LAUSR

Abstract We investigate the thermal-electric-elastic fields around two circular holes in a thermoelectric material. Solutions describing electric, thermal and elastic fields are obtained via complex variable and numerical methods. Our results show that the presence of the holes has the same effect on the effective electric and thermal conductivities but no effect whatsoever on the effective Seebeck coefficient and consequently on the thermoelectric figure of merit. The maximum values of electric potential and temperature around one hole are increased by the presence of the second hole but decrease sharply as the distance between the two holes continues to increase. For two holes of equal size, the interaction effects on the corresponding electric and thermal fields are negligible when the distance between the holes is twice that of the common radius. In comparison to the thermoelectric field, the interaction effect on the stress field decreases much slower with the increase of distance, especially when the difference in the radii between the two holes is large.
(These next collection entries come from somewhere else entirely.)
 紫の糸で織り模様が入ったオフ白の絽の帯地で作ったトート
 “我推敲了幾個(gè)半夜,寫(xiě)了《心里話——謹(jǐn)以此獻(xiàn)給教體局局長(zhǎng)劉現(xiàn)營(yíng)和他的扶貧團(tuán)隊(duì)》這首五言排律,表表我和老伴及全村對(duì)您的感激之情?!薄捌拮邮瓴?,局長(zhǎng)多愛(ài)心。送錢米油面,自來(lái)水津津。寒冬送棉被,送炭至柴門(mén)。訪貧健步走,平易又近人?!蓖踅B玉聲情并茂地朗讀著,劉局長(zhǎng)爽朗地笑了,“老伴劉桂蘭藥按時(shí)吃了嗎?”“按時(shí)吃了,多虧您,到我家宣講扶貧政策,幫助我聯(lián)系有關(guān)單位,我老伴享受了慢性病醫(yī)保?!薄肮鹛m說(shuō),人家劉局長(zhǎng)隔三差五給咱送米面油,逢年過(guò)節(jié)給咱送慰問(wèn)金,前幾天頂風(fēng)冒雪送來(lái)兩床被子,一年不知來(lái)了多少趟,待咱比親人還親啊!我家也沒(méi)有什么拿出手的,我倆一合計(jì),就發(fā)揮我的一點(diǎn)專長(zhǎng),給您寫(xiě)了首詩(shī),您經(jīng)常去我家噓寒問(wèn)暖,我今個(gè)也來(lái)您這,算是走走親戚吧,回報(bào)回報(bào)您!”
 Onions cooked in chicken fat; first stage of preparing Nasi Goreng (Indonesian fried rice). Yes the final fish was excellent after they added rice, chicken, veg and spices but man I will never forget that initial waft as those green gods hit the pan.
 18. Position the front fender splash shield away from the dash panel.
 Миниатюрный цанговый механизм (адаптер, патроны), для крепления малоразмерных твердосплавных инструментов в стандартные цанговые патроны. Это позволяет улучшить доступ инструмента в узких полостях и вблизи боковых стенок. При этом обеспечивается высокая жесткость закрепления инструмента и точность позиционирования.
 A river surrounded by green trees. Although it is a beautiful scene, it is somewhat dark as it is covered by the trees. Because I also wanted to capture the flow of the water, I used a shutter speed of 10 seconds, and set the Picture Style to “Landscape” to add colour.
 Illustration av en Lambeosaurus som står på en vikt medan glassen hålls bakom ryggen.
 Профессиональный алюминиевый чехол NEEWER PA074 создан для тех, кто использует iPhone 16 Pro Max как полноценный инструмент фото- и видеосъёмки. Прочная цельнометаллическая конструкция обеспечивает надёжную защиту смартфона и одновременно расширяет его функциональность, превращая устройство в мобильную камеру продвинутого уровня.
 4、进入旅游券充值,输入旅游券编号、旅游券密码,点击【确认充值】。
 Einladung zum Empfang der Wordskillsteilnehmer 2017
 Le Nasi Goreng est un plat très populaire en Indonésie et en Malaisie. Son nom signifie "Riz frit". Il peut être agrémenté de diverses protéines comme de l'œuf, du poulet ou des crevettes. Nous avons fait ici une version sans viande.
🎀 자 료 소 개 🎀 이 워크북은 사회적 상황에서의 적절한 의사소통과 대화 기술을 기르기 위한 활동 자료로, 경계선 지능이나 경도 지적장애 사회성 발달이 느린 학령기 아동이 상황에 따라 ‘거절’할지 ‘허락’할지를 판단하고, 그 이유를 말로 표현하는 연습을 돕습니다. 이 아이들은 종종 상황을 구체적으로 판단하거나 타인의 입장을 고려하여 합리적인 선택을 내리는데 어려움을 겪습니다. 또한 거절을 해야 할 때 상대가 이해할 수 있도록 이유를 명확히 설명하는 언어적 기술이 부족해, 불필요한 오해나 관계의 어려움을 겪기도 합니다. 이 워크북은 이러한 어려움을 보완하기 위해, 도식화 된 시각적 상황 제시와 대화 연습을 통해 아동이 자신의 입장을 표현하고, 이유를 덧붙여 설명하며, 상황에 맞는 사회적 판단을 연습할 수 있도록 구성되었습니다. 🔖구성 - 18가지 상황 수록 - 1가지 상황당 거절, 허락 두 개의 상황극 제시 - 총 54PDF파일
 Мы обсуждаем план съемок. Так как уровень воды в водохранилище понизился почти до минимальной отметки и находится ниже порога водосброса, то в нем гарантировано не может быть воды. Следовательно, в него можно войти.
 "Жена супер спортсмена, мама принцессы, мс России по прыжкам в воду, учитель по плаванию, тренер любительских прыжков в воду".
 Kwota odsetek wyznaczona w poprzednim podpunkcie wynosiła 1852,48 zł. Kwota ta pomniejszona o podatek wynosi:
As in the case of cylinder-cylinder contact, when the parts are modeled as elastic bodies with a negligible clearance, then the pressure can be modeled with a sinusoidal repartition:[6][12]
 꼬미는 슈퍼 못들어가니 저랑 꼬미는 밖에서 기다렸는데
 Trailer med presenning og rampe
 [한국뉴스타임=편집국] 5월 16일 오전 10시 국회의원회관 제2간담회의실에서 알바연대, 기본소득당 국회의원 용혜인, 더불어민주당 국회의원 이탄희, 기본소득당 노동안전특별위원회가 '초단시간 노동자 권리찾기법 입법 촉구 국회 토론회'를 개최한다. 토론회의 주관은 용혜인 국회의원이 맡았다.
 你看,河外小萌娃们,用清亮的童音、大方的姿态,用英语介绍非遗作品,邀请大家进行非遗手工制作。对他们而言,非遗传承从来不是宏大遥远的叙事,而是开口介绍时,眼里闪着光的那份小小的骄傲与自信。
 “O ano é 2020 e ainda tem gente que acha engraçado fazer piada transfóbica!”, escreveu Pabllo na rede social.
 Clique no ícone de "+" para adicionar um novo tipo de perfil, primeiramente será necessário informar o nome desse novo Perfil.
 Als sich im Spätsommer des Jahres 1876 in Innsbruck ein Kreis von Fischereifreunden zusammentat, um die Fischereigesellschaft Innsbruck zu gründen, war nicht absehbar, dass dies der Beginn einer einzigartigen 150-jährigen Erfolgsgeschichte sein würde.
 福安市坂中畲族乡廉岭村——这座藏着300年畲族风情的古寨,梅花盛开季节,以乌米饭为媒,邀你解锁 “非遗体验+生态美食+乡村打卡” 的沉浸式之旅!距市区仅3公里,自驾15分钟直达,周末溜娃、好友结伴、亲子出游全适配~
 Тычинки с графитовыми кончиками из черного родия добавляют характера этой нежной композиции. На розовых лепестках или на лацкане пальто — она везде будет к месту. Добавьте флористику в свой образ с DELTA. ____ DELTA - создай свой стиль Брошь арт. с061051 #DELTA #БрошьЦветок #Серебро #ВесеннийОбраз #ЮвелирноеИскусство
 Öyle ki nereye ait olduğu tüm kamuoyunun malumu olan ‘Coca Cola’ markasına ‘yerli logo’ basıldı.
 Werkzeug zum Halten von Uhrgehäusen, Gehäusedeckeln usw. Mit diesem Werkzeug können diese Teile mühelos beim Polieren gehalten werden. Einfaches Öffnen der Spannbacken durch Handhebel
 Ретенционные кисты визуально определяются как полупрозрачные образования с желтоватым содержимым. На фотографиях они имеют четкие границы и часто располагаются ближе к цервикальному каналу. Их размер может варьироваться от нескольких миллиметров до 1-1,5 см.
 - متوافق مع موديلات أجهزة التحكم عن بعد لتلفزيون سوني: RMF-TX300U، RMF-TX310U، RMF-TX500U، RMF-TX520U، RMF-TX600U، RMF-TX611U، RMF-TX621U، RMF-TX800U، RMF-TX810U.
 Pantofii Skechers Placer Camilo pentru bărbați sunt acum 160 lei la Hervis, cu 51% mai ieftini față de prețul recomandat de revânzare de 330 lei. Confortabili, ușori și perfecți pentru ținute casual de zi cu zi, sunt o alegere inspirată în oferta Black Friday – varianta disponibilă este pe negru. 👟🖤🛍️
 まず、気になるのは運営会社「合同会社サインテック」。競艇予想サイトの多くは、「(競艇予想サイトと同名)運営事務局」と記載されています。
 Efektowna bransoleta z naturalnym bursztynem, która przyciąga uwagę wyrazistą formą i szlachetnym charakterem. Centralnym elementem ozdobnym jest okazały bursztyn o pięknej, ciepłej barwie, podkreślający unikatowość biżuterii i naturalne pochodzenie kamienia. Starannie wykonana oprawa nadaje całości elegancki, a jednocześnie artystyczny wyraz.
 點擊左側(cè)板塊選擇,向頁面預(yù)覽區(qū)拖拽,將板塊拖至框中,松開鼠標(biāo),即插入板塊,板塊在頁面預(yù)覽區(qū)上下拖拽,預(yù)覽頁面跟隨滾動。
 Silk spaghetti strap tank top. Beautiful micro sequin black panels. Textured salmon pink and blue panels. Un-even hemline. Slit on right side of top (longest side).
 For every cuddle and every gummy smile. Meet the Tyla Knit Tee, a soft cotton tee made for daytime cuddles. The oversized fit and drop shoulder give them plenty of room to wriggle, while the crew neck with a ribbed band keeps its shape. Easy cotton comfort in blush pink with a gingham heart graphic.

Numerical results show that the interaction effect on hoop stress between two holes of equal size is five times that of the corresponding effect on the temperature field and that the interaction effect is essentially negligible if one hole is more than twice the size of the other. It is worth pointing out that the two adjacent holes generate an extreme stress distribution in thermoelectric materials when the distance between the two holes is far less than the smaller of the two radii which is in stark contrast to the analogous case encountered in classical thermoelastic problems.